**DATA EXCERPTS**
┄┄┄┄┄┄┄┄┄┄┄┄┄┄┄┄┄┄┄┄
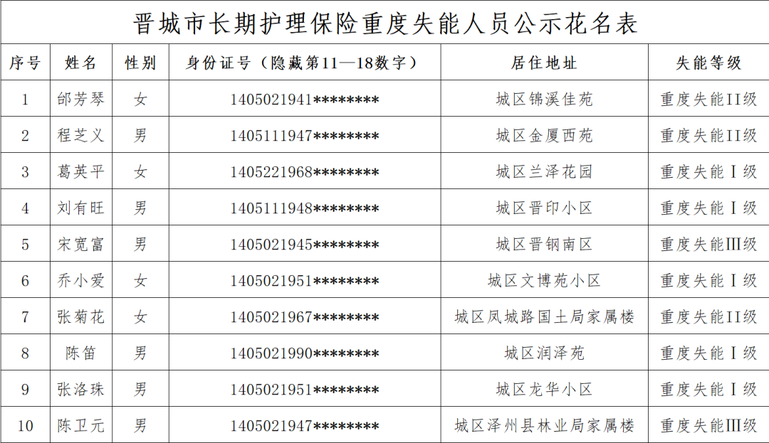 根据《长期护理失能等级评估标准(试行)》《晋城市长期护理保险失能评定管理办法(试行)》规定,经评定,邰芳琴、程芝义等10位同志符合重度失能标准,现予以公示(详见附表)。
┄┄┄┄┄┄┄┄┄┄┄┄┄┄┄┄┄┄┄┄
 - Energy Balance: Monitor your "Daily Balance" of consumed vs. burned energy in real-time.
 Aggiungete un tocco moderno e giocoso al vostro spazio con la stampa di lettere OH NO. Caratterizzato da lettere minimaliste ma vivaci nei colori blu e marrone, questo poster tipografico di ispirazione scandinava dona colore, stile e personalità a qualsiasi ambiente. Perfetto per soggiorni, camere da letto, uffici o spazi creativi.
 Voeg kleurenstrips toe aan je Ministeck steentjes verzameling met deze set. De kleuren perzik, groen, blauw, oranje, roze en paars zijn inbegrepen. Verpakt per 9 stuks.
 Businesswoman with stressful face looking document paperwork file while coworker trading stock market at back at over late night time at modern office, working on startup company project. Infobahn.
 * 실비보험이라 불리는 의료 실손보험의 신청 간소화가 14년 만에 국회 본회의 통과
┄┄┄┄┄┄┄┄┄┄┄┄┄┄┄┄┄┄┄┄
**TRY IT**
Read the entries and pick out all lines that include the word "time".

**TASK RESPONSE**
 - Energy Balance: Monitor your "Daily Balance" of consumed vs. burned energy in real-time.
 Businesswoman with stressful face looking document paperwork file while coworker trading stock market at back at over late night time at modern office, working on startup company project. Infobahn.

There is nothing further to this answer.